First of all, great work. I'm seriously thinking about putting it on the wall at the WMF. Thank you Risker.

Some thoughts:

  1. Although it sounds obvious, it would be useful to have a brief explanation of why moderation is so important to the wiki communities. Also relevant is that most Wikis with an active community have extensive workflows and culture around moderation that are considered very important to the viability of the content.
  2. I'd change the phrase "minimum viable product" to something else (minimum feature set?). Minimum viable product refers to a specific product development process.
  3. I feel like adding a new content type to a wiki which will add to any moderation activities should be discussed beforehand with that community. We don't want to create work without an agreed upon benefit.
  4. I feel like there are additional issues around content-creation that might be addressed here: encyclopedic content, copyright (free/non-free images) as well as moderation. Should these be addressed here?

TNegrin (WMF) (talk) 14:33, 3 February 2016 (UTC)[reply]

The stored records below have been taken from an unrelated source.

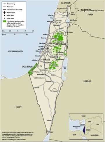 現今以色列版圖。(圖片來源:Economist Intelligence)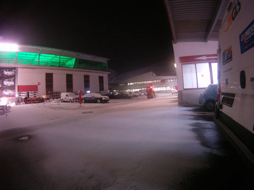 erst um 1/2 8e aus dem büro weggekommen. -3°, leichter schneefall, starker gegenwind.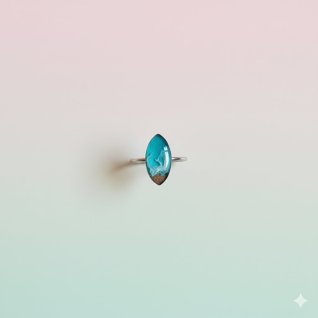 ¡Lleva un pequeño mar encapsulado en un diseño elegante! Este anillo statement combina la sofisticación de la forma marquesa con la belleza viva de la costa balear. Es una joya única y artesanal, perfecta para amantes de la playa, la naturaleza y el diseño moderno.

Great stuff, Risker. I'd suggest making the part about reverting its own section; right now it feels less checklist and more advice than the part above it. Sectioning it off might help the flow.
@TNegrin (WMF): I agree with all of your points, particularly #3. As for #1, for reference is the meatball wiki's HardSecurity essay, on when moderation tools are needed because social structures aren't adequate all the time. My last note is on #4: IMO, the Foundation is theoretically making tools which allows users to better create and curate content, none of our tools should be making the content decisions. If the WMF takes this approach and makes sure to build in moderation tools, the communities can sort those things out. There is always community trouble when the WMF's software meddles directly with content. Keegan (WMF) (talk) 19:28, 3 February 2016 (UTC)[reply]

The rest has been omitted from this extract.